The weak pound and rising prices will hit low-income Turks harder as the value of their income erodes sharply. Richer Turks with foreign currency assets will be partially protected from the currency crisis.

Commodities will be affected. Turkish milk producers on Wednesday called on the government to increase the price of wholesale milk by up to 55% as the depreciation pushes up the costs of feed and other inputs. Similar pressures are likely in other sectors.

The cost of imported products is likely to rise particularly sharply, and retailers are already struggling to keep up with price movements. Turks trying to buy iPhones and other electronics received error messages online Wednesday, including from the local Apple Inc website (AAPL.O). Read more

COMPANIES

Many Turkish manufacturers are heavily dependent on imports of raw materials and intermediate goods for their production. Amid the surge in commodity prices globally, the weakness of the pound is adding a huge financial burden to Turkish businesses.

The unpredictability of exchange rates has led suppliers to halt sales on credit, with many preferring to wait before making new sales. Some vendors don’t even want to sell for cash because they don’t know if they will be able to replace their product at this exchange rate. According to Turkish manufacturers, this could soon lead to product shortages.

Firms that sell domestically with dollar costs and lira revenue suffer the most. Exporting companies, with hard currency earnings, are in a better position but may face a new profitability challenge with customers asking for discounts due to the competitiveness of the lire.

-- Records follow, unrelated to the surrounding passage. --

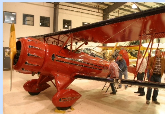
The beautiful, factory-owned WACO YMF-5D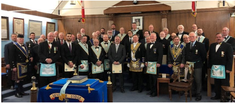
Seymour Lodge No. 272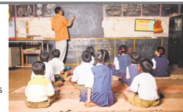
TABLE 1: Educational aspirations during both rounds of interview (in %)

The data for the charts were sourced from UDAYA - Understanding the Lives of Adolescents and Young Adults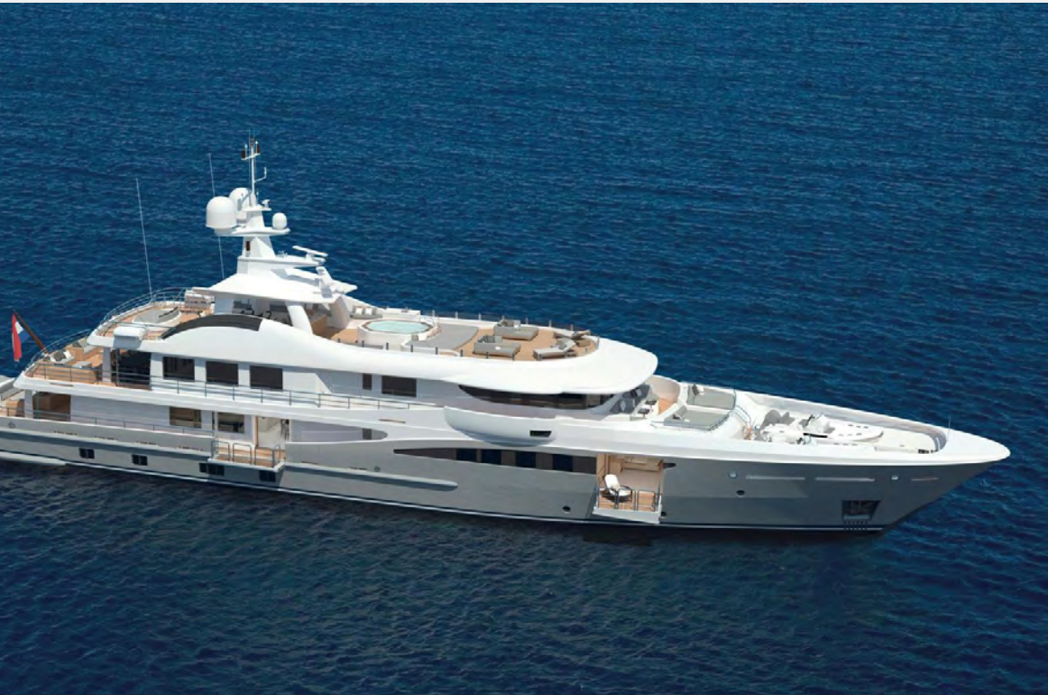
Amels 180 – PAPA (2019)

CUSTOMER: Amels TYPE: Motor Yacht (55 m) TYPE OF WORK: Newbuild SCOPE OF SUPPLY: System integration and complete electrical installation, navigation and communication system, alarm & monitoring system, AVIT system.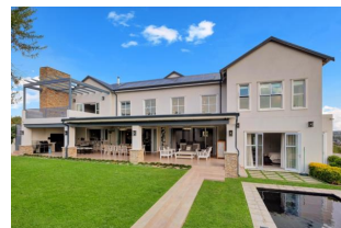
5 bedroom house in Steyn City R110,000 per month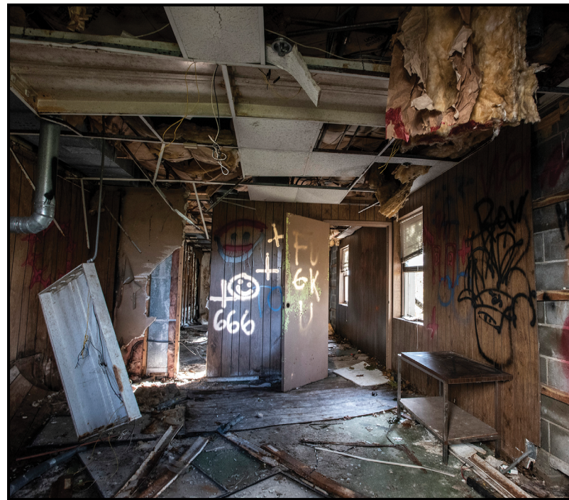
Land reuse site in Niles, Michigan with evidence of tagging. The building is not secured from public access (Lloyd Degrane, 2019)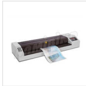
Document Pouch Laminator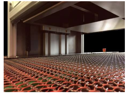
Detector height adjustment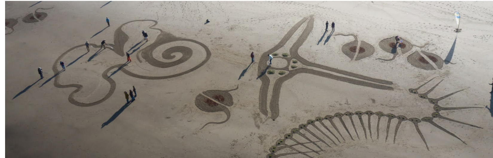
Overhead view of sand art designs by participants from the fall 4CAST Summit.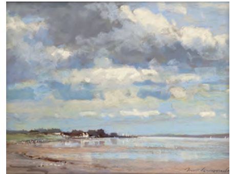
Low Tide, Dee Estuary by James Longueville PS RBSA pastel 11" x 14"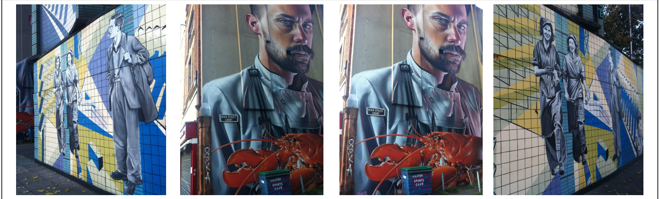
Mural paintings in the streets of Belfast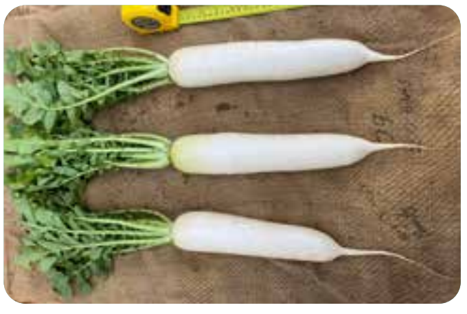
NEW Spring Geisha F<sub>1</sub>

Strong heat tolerance, best suited to late summer and autumn harvest. IR: Fusarium. Approx. 40 x 6.5cm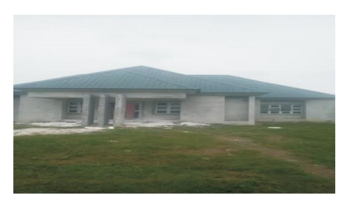
Khana Area Office

The Contractor, Secura Investment Limited has completed the execution of the Super structures, roofing, fittings of doors, windows and electrical piping, plastering. Currently, work is in progress, the installation of the POP ceilings is complete, electrical installation is also complete, and the installation of the plumbing is at 50% completion, tiling is about tocommence.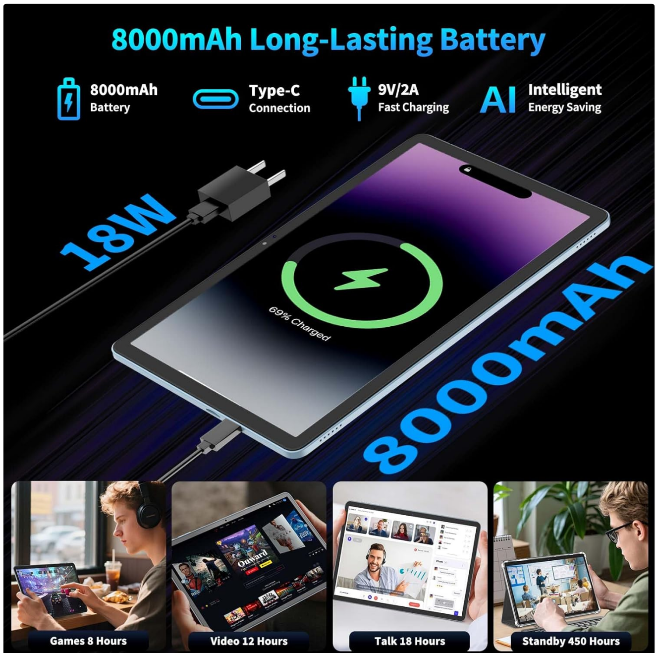
Figure 7.1: Battery features and estimated performance.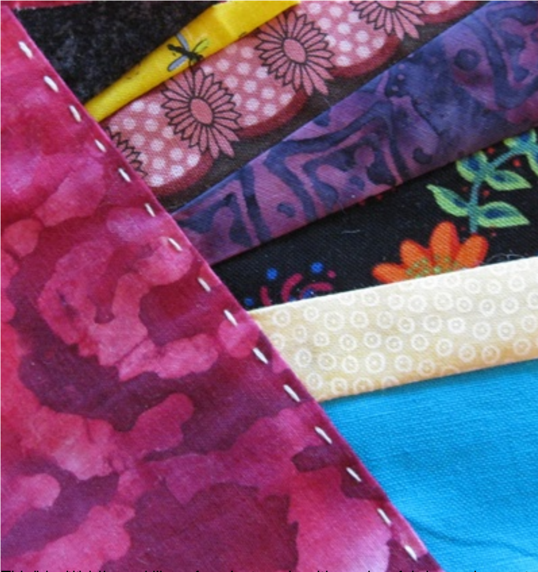
Tunisian blocks shaped like a fan. Just made with random fabrics and accented with embroidering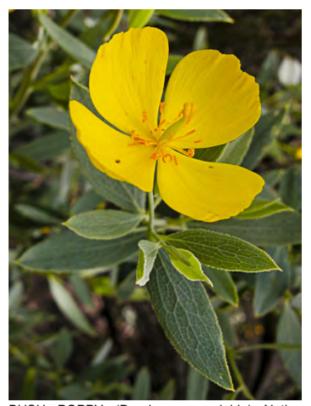
BUSH POPPY (Dendromecon rigida) Native Perennial - Poppy Family - (Apr-Jun) - Dry slopes, washes, esp recent burns - Shrub 3.3-10' tall. Leaves 1-4" long, 0.3-1" wide. Petals 4, yellow, 0.8-1.2" long. Many stamens.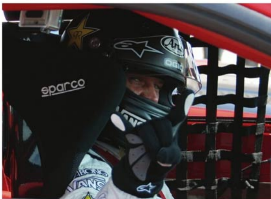
It's not time to get serious...Yet.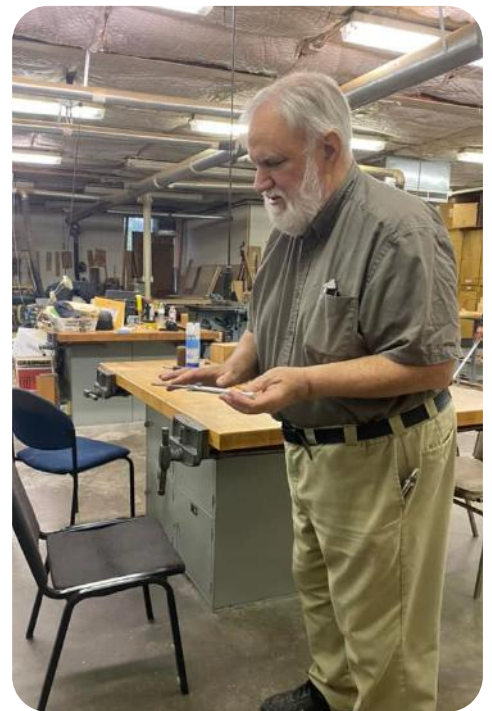
LA Center for the Blind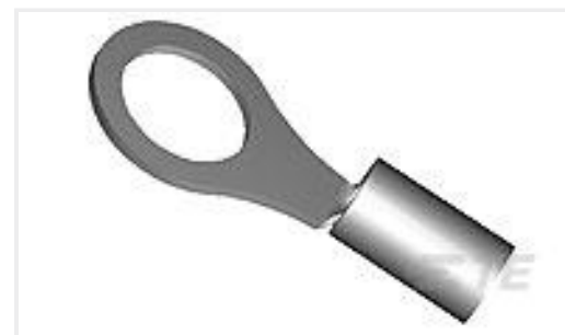
TE Part #35432 TERMINAL,SOLIS R 16-14HD 8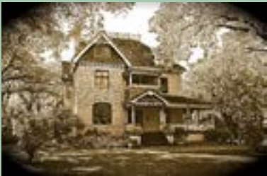
The Heritage Report: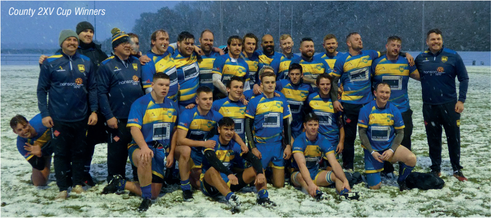
County 2XV Cup Winners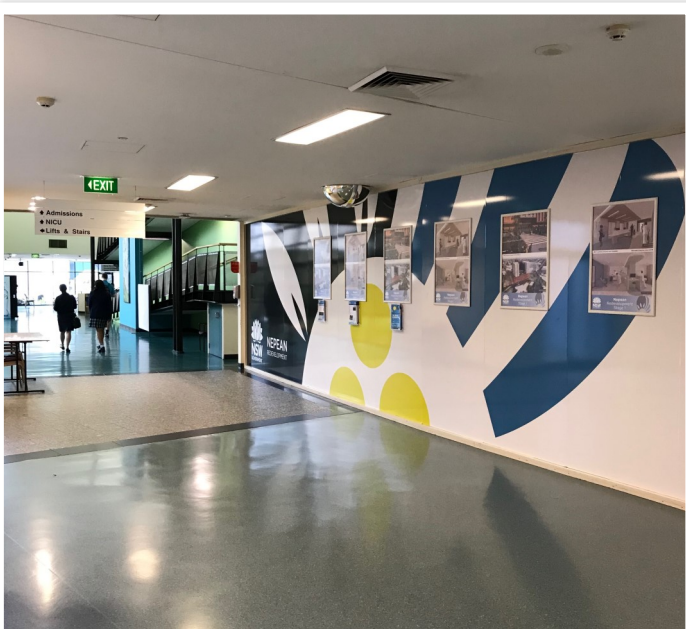
Nepean Redevelopment project wall in South Block at Nepean Hospital.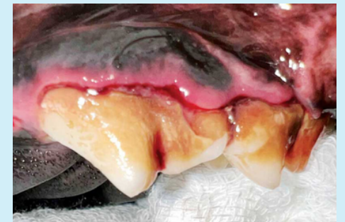
Canine Tooth Resorption - Veterinary Practice News Image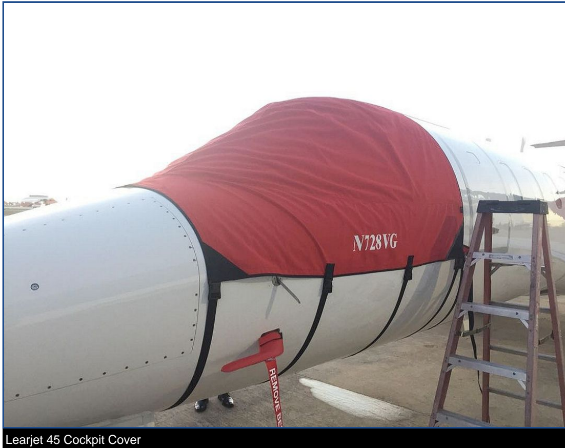
Learjet 45 Cockpit Cover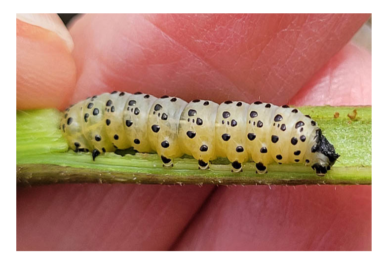
Elder shoot borer causes a shepherd's crook sympton on elderberry.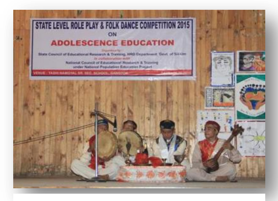
State level Folk Dance and Role Play Competition- 2015

NPEP in Sikkim was initiated in April 1986. Since then a range of activities - Role Play, Folk dance Competition, Painting/Poster making and Slogan writing is organised by Population Education Cell, SCERT. The main objective of these programs is to educate the students and members of community about matters related to Adolescence education. Every year, certain themes are chosen and based on those themes, district-level Role-play Competitionsare held in two districts and the Folkdance Competitions are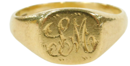
An 18ct gold signet ring, monogram engraved, size O. SOLD for £300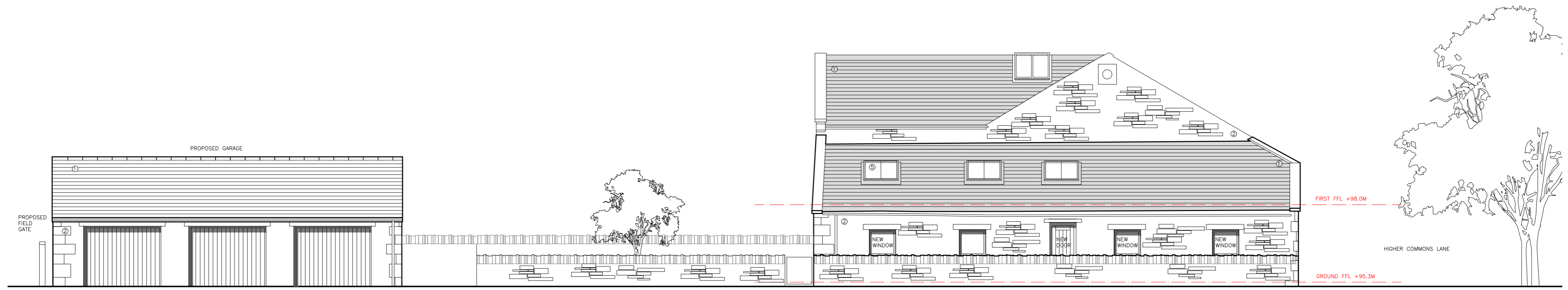
PROPOSED SOUTH WEST ELEVATION (2)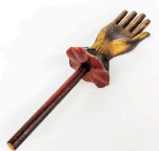
Lodge Folk-Art Hand Carving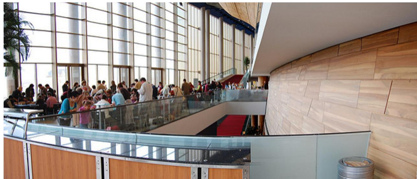
Palace of Arts.

📍 Budapest is a home to the Palace of Arts, a new cultural hub that opened its doors in 2005 to offer cultural events of a high quality. The institution's mission is to introduce new artistic trends and directions and to attract both the connoisseurs and new audiences. It houses three institutions – the Béla Bartók National Concert Hall, the Ludwig Museum and the Festival Theatre.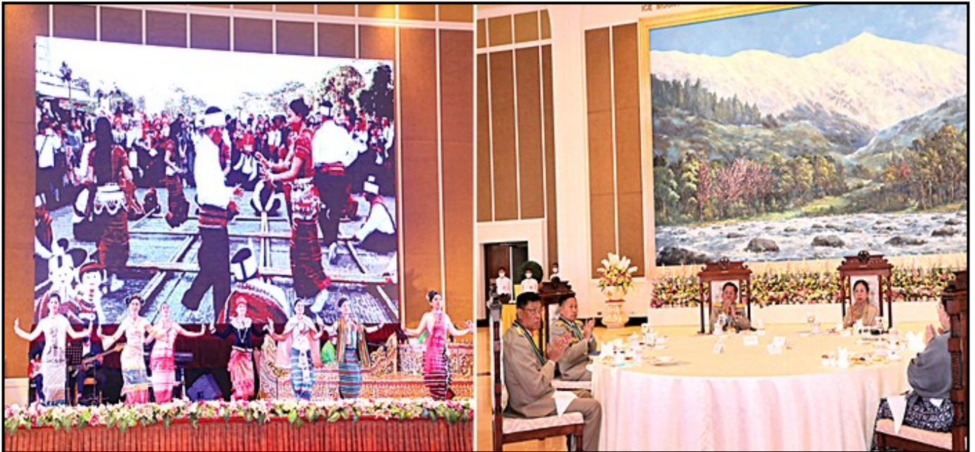
The Chairman of the State Administration Council Commander-in-Chief of Defence Services Senior General Maha Thray Sithu Min Aung Hlaing and spouse Daw Kyu Kyu Hla enjoying the performances of Myawady Entertainment Troupe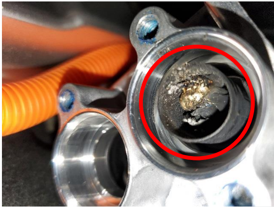
✘ Figure 1 (Example of damage to the FDU HV connector terminal)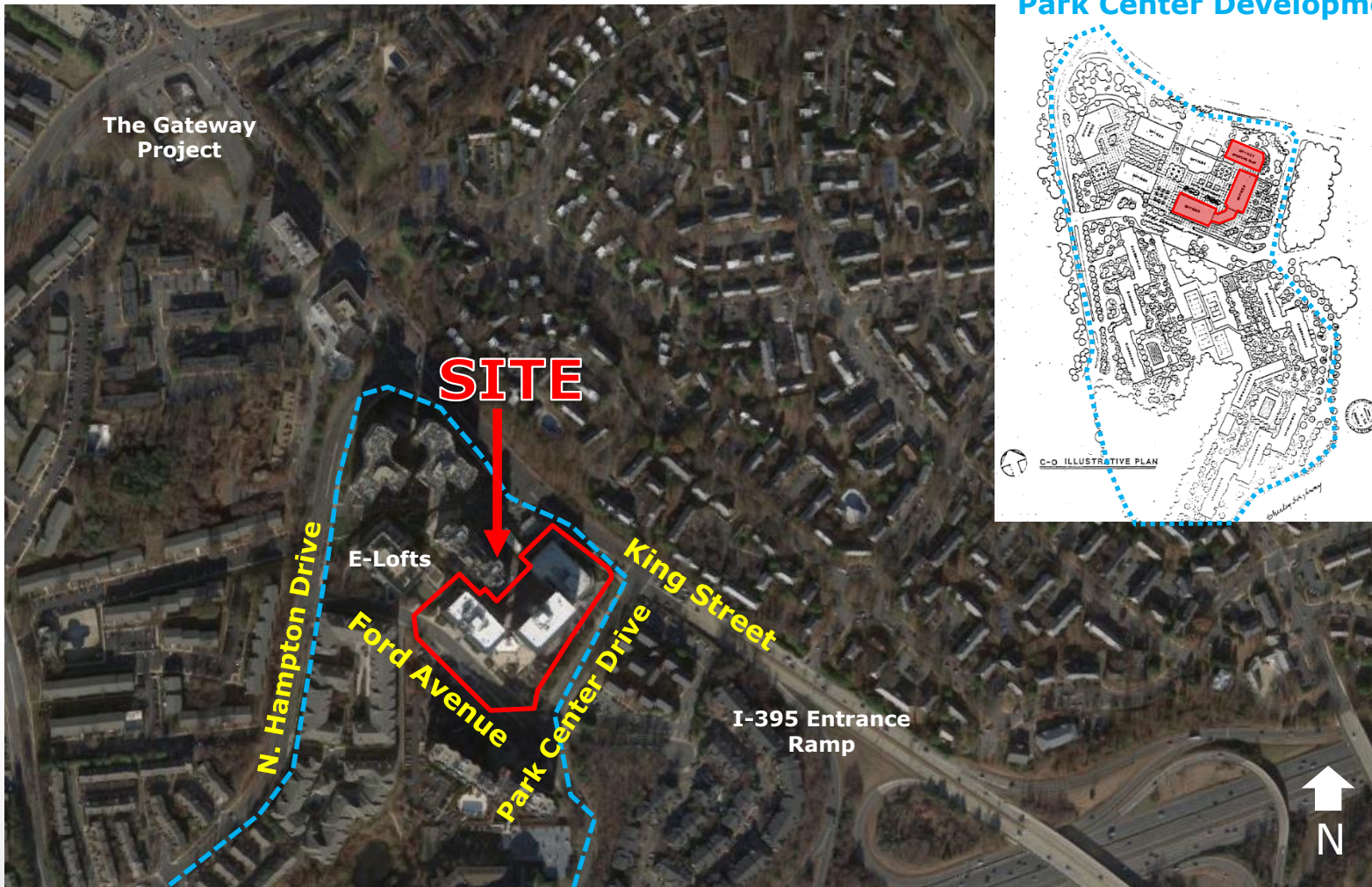
Park Center Development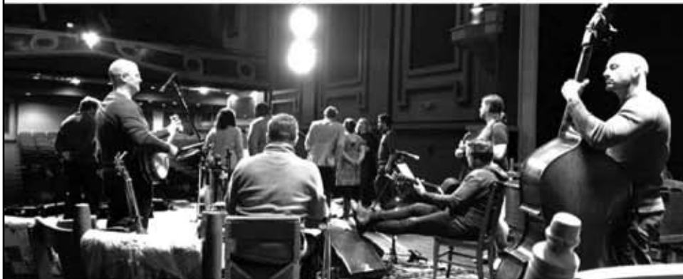
Strand Ole Opry's Walk The Line SATURDAY, JULY 31 @ 8:00pm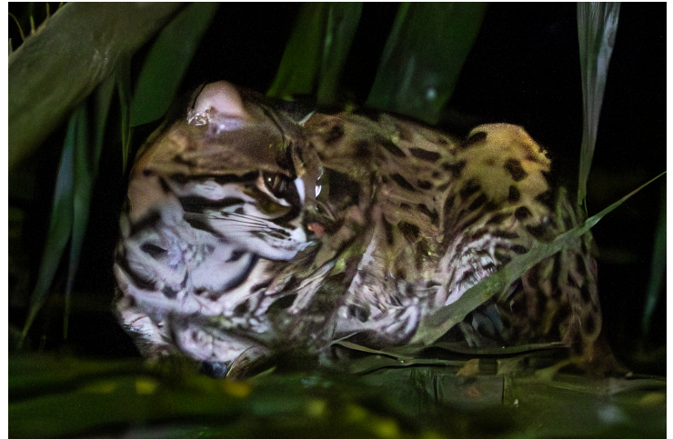
Clouded Leopard

Spend two more days in this magical location. Set out on an early morning river cruise through the panoramic hues of sunrise to explore this region's natural beauty and rich wildlife diversity. Trek through the jungle to search for wildlife. Learn from an orangutan expert. Embark on a short boat ride and transfer to the famous Gomantong Caves to spend an afternoon exploring. At dusk, see a mind-boggling bat exodus, where over one million bats emerge from the cave to feed. Cruise at night in search of nocturnal wildlife on the riverbanks.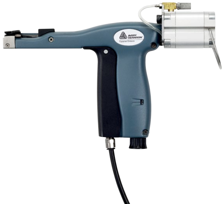
Pneumatic version makes installation faster and easier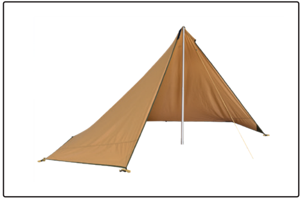
Canopy 5/7 put up as a shelter

First of all, put a tent peg in the band loop on the side opposite the side with the Velcro fastening. Push the end of a telescopic pole through the eyelet by the Velcro fastening and adjust it to a suitable height. Peg the cord down and tighten it. Place tent pegs along the long sides. Canopy 5/7 has band loops for two tent pegs on each side while Canopy 7/9 has band loops for three tent pegs on each side.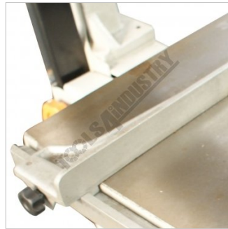
Sliding Rip Fence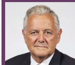
Cr Ross Kerridge Lord Mayor City of Newcastle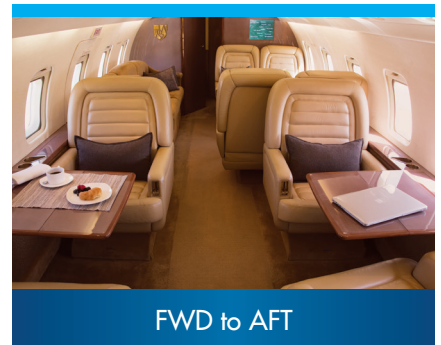
FWD to AFT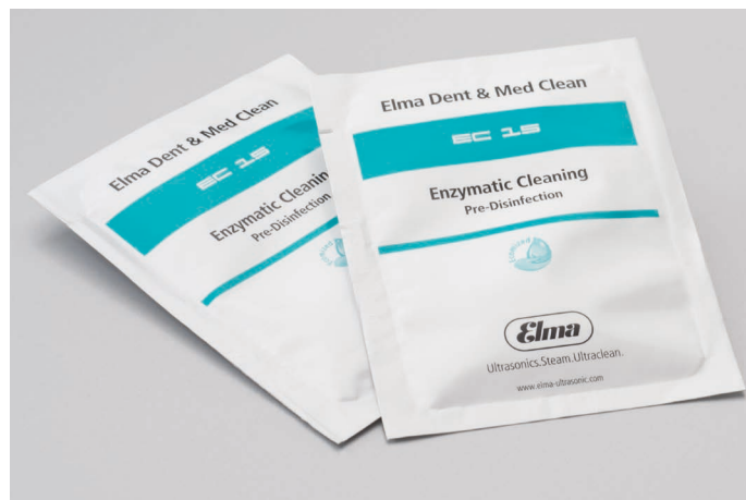
Elma Dent & Med Clean EC 15 Enzymatic Cleaning and Pre-Disinfection

The blue colouring of the granulate makes it easy to check on complete flushing of the solution from the instruments. Moreover, the solution has a fresh and hygienic appearance.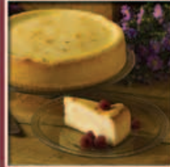
Creamy Cheesecake New York style cheesecake as it should be. A velvety smooth body of fresh cream cheese and sour cream is set in a real graham cracker crust and dusted with graham cracker crumbs. Perfection!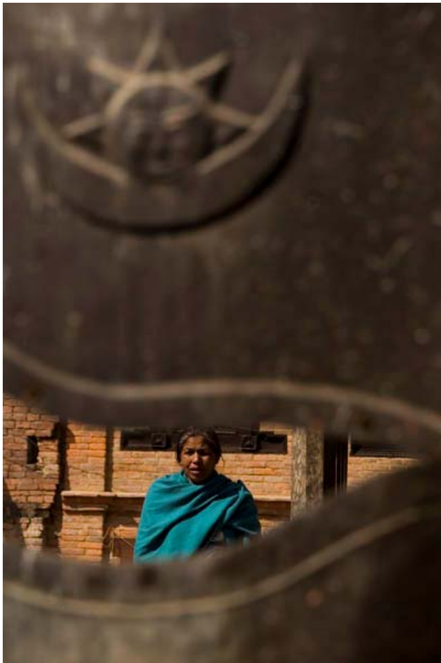
Patan, Kathmandu Valley.

The weakness of the pound will be an additional burden on indebted companies. Data from the central bank show that private sector loan debt abroad stood at $ 171.6 billion at the end of September, with some 60% of debt owed by non-financial corporations.

According to data compiled by economist Haluk Burumcekci, these non-financial corporations have, in September, about $ 52.8 billion in debt that must be repaid or refinanced within 12 months.

BANKS

The soaring dollar is pushing up the lira value of foreign currency loans, potentially affecting the banking sector’s capital adequacy ratios (CARs).

Some banks may find it difficult to stay above the 12% ratio sought by the Turkish regulator, which is considerably higher than the 8% level considered internationally acceptable.

Bank sources say that to cover the impact of rising loan values, banks would need foreign currency denominated capital, and banks that did not have enough subordinated loans in foreign currencies might have difficulty meeting the requirement. lower limit of the RCA.

Turkish banking watchdog BDDK said banks held $ 160 billion in foreign currency loans as of November 18. increased by almost 40%.